VWL

Obwohl die Volkswirtschaftslehre (kurz VWL) im Gegensatz zur Betriebswirtschaftslehre eher ein Schattendasein führt, bildet sie eine der wichtigsten Disziplinen der Wirtschaftswissenschaften. Im Rahmen der Volkswirtschaftslehre werden nicht einzelne Unternehmen, sondern ein kompletter Wirtschaftskreislauf betrachtet, sodass VWL und BWL vollkommen unterschiedliche Ansätze verfolgen. Aus diesem Grund sollten sich angehende Studenten unbedingt in die Materie einlesen und erst anschließend entscheiden, ob sie sich für Betriebswirtschaftslehre oder Volkswirtschaftslehre einschreiben.

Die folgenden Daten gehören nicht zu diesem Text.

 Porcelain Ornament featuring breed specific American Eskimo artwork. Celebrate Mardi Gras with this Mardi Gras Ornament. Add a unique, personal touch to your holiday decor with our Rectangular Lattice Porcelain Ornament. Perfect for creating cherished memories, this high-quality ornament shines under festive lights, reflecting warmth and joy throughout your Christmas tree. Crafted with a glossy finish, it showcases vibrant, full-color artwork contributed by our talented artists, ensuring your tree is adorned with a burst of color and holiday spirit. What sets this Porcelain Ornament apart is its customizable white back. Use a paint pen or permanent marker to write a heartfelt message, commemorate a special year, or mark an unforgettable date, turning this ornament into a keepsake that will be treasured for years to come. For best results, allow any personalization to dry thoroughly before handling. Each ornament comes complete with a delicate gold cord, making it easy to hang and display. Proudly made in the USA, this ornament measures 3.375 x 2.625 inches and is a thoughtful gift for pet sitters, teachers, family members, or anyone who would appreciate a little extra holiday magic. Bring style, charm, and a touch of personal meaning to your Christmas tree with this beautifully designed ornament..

Von der Wahl des Studienfachs hängen selbstverständlich auch die jeweiligen Karrieremöglichkeiten ab, weshalb man diese Entscheidung sorgfältig überdenken sollte. Mit einem akademischen Abschluss in VWL kann man zwar ebenfalls ins Management eines großen Unternehmens einsteigen, ist aber in erster Linie für Positionen in der Politik oder im öffentlichen Dienst qualifiziert. Schließlich verfügt man als studierter Volkswirt über fundierte Kenntnisse in den Bereichen Mikro- und Makroökonomie, wodurch man beispielsweise die Auswirkungen politischer Entscheidungen auf die Wirtschaft realistisch abschätzen kann.

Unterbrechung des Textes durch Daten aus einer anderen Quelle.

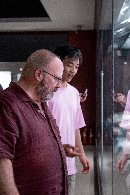 “唐代长安不仅是经济中心,更是文明互鉴的枢纽。”中美项目2024级员工闫俞向指着“铜铸长安城遗址”壁画介绍道。闫俞向长期担任大唐西市博物馆双语讲解志愿者,他从馆藏的开元通宝、鎏金工艺品到复原的“西市街巷”,以中英文结合的方式为大家解读了丝路贸易与文化交融的历史细节。
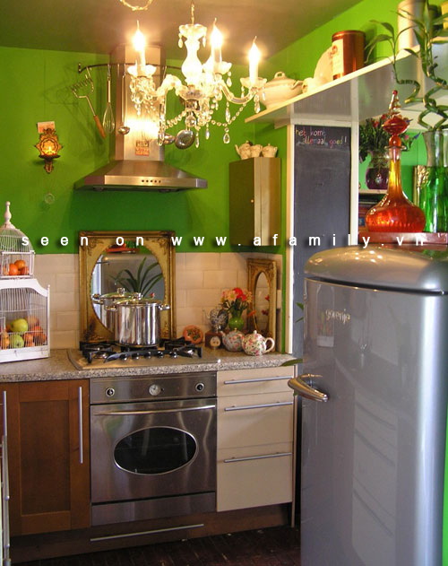 Đây là một trong những thiết kế dành cho nhà bếp nhỏ một cách khác vui nhộn và sống động. Bức tường sơn màu xanh lá trẻ trung, đèn chùm sáng rực màu vàng, lại được đặt thêm một tấm gương ngay chính giữa.

Folglich sind Volkswirte in Behörden, Ämtern und auch in der Politik äußerst gefragt, da sie wahre Wirtschaftsexperten sind. Wer also von einer Karriere im öffentlichen Dienst oder sogar im politischen Bereich anstrebt, sollte ein VWL-Studium durchaus in Erwägung ziehen. Dieses kann man sowohl in der gewöhnlichen Präsenzform, als auch als berufsbegleitendes Fernstudium absolvieren, sodass man hierbei absolute Freiheit genießt.